In the summer of 2019, when joking about omen of the apocalypse was still fresh and funny, an endless swarm of locusts descended on the Las Vegas Strip.
These insects weren’t biters or harvest killers. But for weeks, every night after sunset, their flapping wings filled the sky beam glowing from the pyramid of the Luxor Casino, and their dead exoskeletons lay on the sidewalks. The news media speculated that the outbreak was due to a damp winter, which allowed more eggs to hatch, and the artificial light in the city that lured locusts to flames like moths.
A new analysis supports the link to the lights of the city – with worrying implications for locusts. Elske Tielens, an insect ecologist at the University of Oklahoma, found that on July 26, 2019, the height of the invasion, around 46 million locusts took wings and then gathered over the brightest parts of the city.
“This tape is really hard to look at,” she said. “We blow up more locusts in a single day than people come to Vegas to play for an entire year.”
The visitors already knew, of course, that Las Vegas increased its performance at night. But some of this light escapes directly into space, where satellites measure it by a large distance as the brightest city in the world. The remainder of this light, which overflows into the atmosphere, forms a glowing dome that the US National Park Service recently measured from a distance of 200 miles in Nevada’s Great Basin National Park.
Insect ecologists have studied for years how individual lamps and night traps can be a silent siren call for insects, seducing them to their death. Dr. However, Tielens and her colleagues, inspired by coverage of the 2019 Vegas locust invasion, saw the opportunity to look for a broader pattern. They found that the wandering grasshopper clouds were also visible on weather radar data. Then they overlaid these radar movement patterns with separate maps of the city’s vegetation and its nighttime lighting.
Their study, published today in Biology Letters, suggested daily commuting.

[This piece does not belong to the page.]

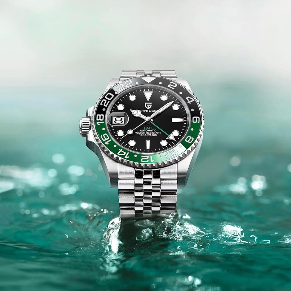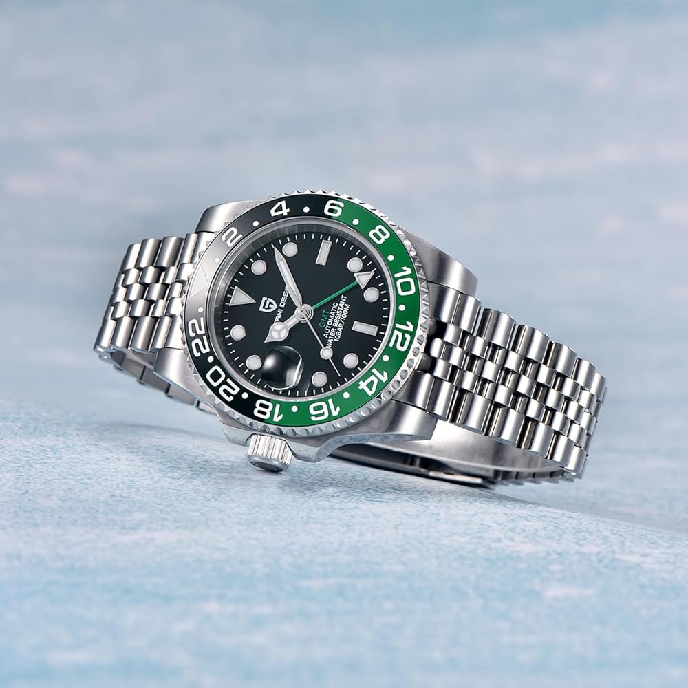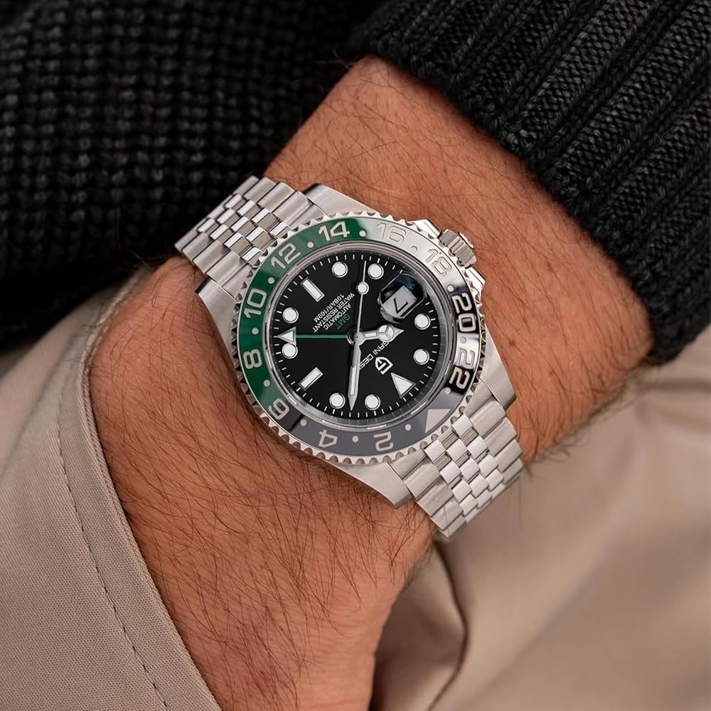 الساعة الأوتوماتيكية: ساعة gmt هذه مجهزة بحركة NH34 المستوردة من اليابان، والتي تتمتع بموثوقية عالية ودقة زمنية عالية، ويمكن أن تعمل بشكل طبيعي في مختلف البيئات القاسية. لا تتطلب الحركة بطارية ويمكن لفها تلقائيًا بعد ارتدائها لمدة 8 ساعات. كما أن لديها إمكانية توقيت جرينتش للتعامل مع فروق التوقيت بسهولة. عند استخدام الساعة لأول مرة، يرجى حوالي 20 لفة.

Before dark, the locusts would spread over a large area that gathered near the vegetation. But when the daylight faded, they rose into the sky. Then they gathered tens of kilometers away and moved not only to individual bright points, as previous studies have documented, but also to the brightest regions of the Vegas sky.
“This is a really exciting paper,” said Brett Seymoure, an ecologist at Washington University in St. Louis who did not participate in the research. “We really don’t have any evidence yet that the skylight is guiding insects.”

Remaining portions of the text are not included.